- [PROMPT]:
In the records below, find the line with "Entre-temps, préparez la" and the line with "I need to replace". Print both exactly, along with every line between them, and no other line.

+++ SUPPLIED RECORDS

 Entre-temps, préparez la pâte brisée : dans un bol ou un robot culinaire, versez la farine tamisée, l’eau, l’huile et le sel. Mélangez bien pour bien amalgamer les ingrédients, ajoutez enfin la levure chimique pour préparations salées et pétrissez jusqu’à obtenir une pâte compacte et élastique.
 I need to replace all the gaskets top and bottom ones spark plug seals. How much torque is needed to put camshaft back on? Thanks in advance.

++++++
+++ SUPPLIED RECORDS

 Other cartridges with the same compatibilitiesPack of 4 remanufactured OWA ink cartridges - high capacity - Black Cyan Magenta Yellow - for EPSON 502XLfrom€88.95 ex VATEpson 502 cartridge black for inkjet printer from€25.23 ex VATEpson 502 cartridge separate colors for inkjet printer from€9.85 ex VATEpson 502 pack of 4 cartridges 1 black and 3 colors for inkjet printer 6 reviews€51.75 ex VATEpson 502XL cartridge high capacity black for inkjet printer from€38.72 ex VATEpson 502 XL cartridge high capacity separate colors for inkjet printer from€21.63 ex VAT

++++++
+++ SUPPLIED RECORDS

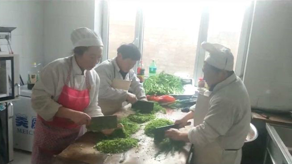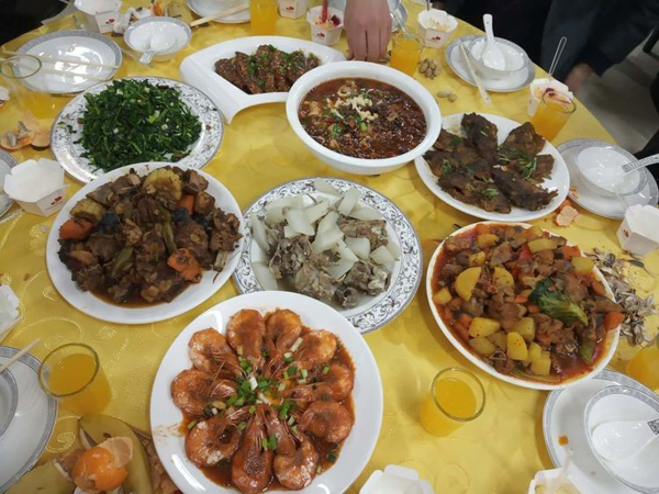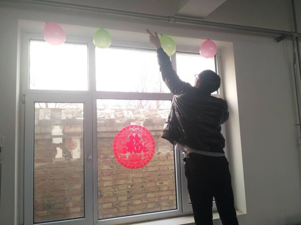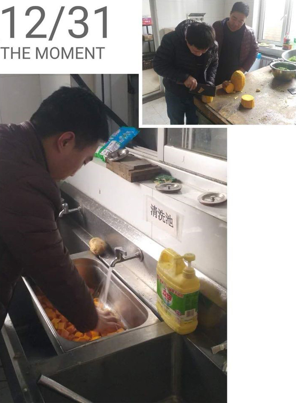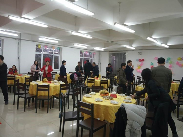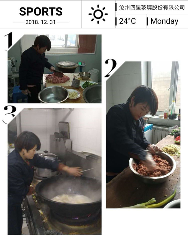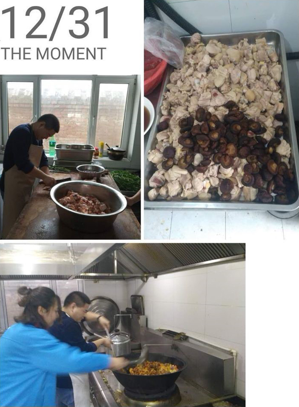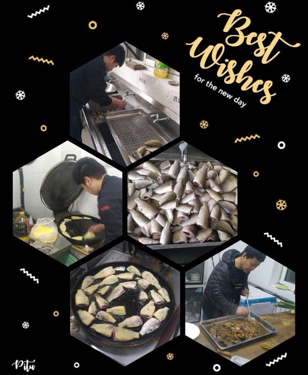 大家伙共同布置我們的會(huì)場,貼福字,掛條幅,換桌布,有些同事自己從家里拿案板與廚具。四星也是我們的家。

++++++

- [ANSWER BELOW]:
 Entre-temps, préparez la pâte brisée : dans un bol ou un robot culinaire, versez la farine tamisée, l’eau, l’huile et le sel. Mélangez bien pour bien amalgamer les ingrédients, ajoutez enfin la levure chimique pour préparations salées et pétrissez jusqu’à obtenir une pâte compacte et élastique.
 I need to replace all the gaskets top and bottom ones spark plug seals. How much torque is needed to put camshaft back on? Thanks in advance.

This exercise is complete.